State Street Global Advisors has acquired a minority stake in Coller Capital, the London-based secondaries specialist managing approximately $28 billion across private equity and credit portfolios. The transaction, announced without pricing, marks SSGA's first structural investment in a dedicated secondaries platform as institutional allocators confront extended hold periods in vintage 2018-2021 funds.
Coller Capital, founded in 1990 by Jeremy Coller, has deployed capital across 165 funds in the secondary market, where limited partners sell fund stakes before maturity. The firm completed its ninth flagship fund at $9.5 billion in 2022, making it one of three secondaries managers globally with committed capital above $9 billion. Coller operates from London, New York, and Hong Kong, with a 90-person investment team that processed $4.2 billion in secondary transactions during 2023. State Street did not disclose its ownership percentage or valuation multiple.
The move follows a visible pattern. Institutional portfolios allocated 14-18% to private markets between 2019 and 2021, chasing returns as public equities compressed. Those commitments are now underwater or illiquid, and capital call schedules remain active. Secondaries volume reached $132 billion in 2023, according to Jefferies, a 23% increase year-over-year. The bid-ask spread on GP-led continuation vehicles has tightened to 8-12% versus 15-20% in 2022, signaling price discovery is stabilizing. SSGA gains immediate access to deal flow without building origination infrastructure or hiring a 40-person secondary team. Coller retains operational independence, and SSGA's $4.1 trillion in assets under management provides balance-sheet credibility for co-investment opportunities.

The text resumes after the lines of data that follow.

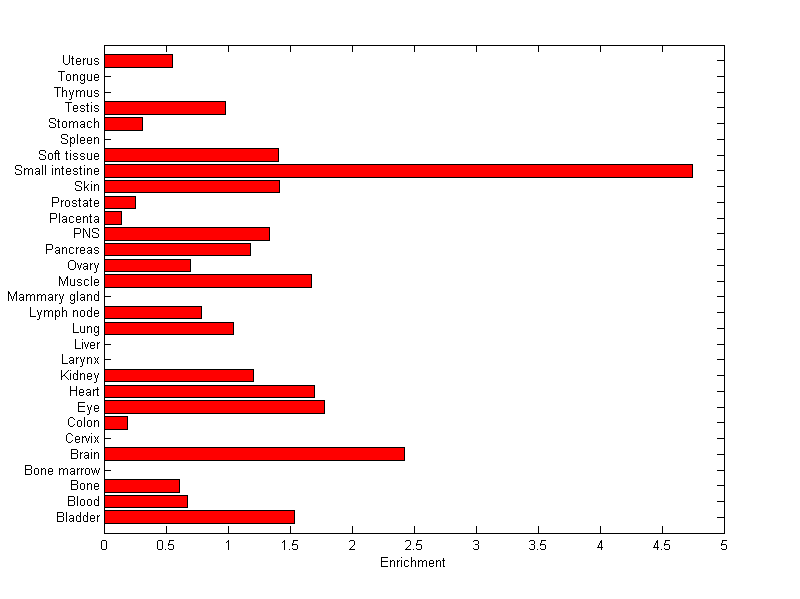 The expression level is normalized with tissue-library size. Each value for a gene in a tissue is a ratio of observed ESTs to the expected one in this tissue. The expected number of ESTs is the product of total ESTs of the gene and the fraction of total ESTs in the tissue among all ESTs in 30 tissues.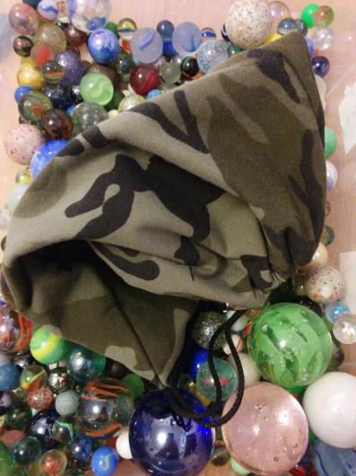 Igår fick jag en specialbeställning av sonen som ville ha en ny kulpåse. Såhär blev den efter att han botaniserat i tygskåpet. Han har till och med hjälpt till att klippa ut och vara med och sy lite.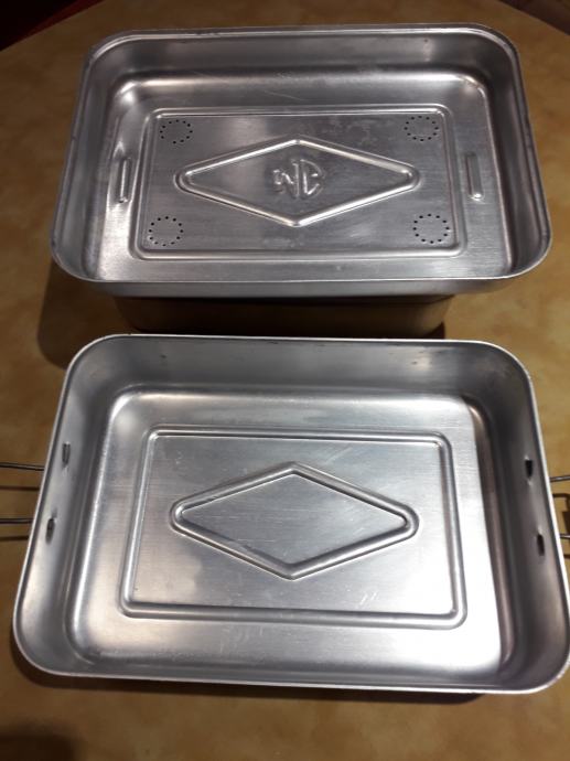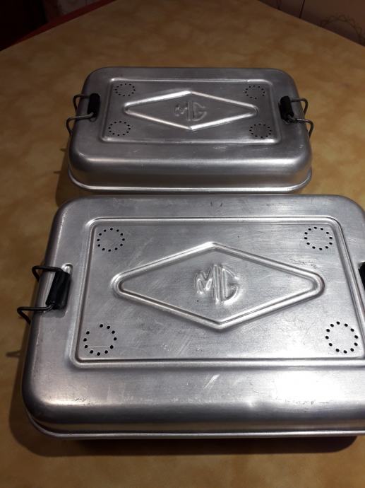 dvije vintage aluminijske posude za hranu sa zatvaračem (MG) u dobrom stanju, idealno za putovanja,piknik, dimenzije 25x17x9 i 22x16x8. cijena po komadu 80kn

What matters for allocators: this is distribution strategy, not product innovation. SSGA will embed Coller's secondaries offerings into its institutional client solutions, targeting the 320 U.S. public pension plans and 85 sovereign wealth funds already in its client base. Those entities are overweight private equity by 200-400 basis points relative to policy targets, according to Preqin data through Q4 2024. Secondaries offer a liquidity alternative without triggering full portfolio liquidation or accepting fire-sale pricing on direct stakes. The transaction also confirms that large asset managers view secondaries infrastructure as a competitive requirement, not an ancillary product line. Blackstone, Goldman Sachs, and Ares have all scaled secondaries capabilities above $15 billion in the past 18 months through acquisition or internal build-out.
Operators should track three developments in the next 90-120 days: continuation fund volume in the $500 million-plus range, Coller's capital deployment pace from its $9.5 billion Fund IX, and whether SSGA structures a co-mingled secondary fund vehicle for sub-institutional allocators. If continuation funds exceed $45 billion in Q1 2025, the bid-ask spread will compress further, and entry multiples on secondary purchases will rise above 88-92 cents on the dollar. That narrows the arbitrage window.
Coller's portfolio now sits inside a $4.1 trillion distribution engine with fiduciary relationships across 87 countries. The firm last raised capital in 2022. The next fundraise will test whether SSGA's client base converts to committed capital.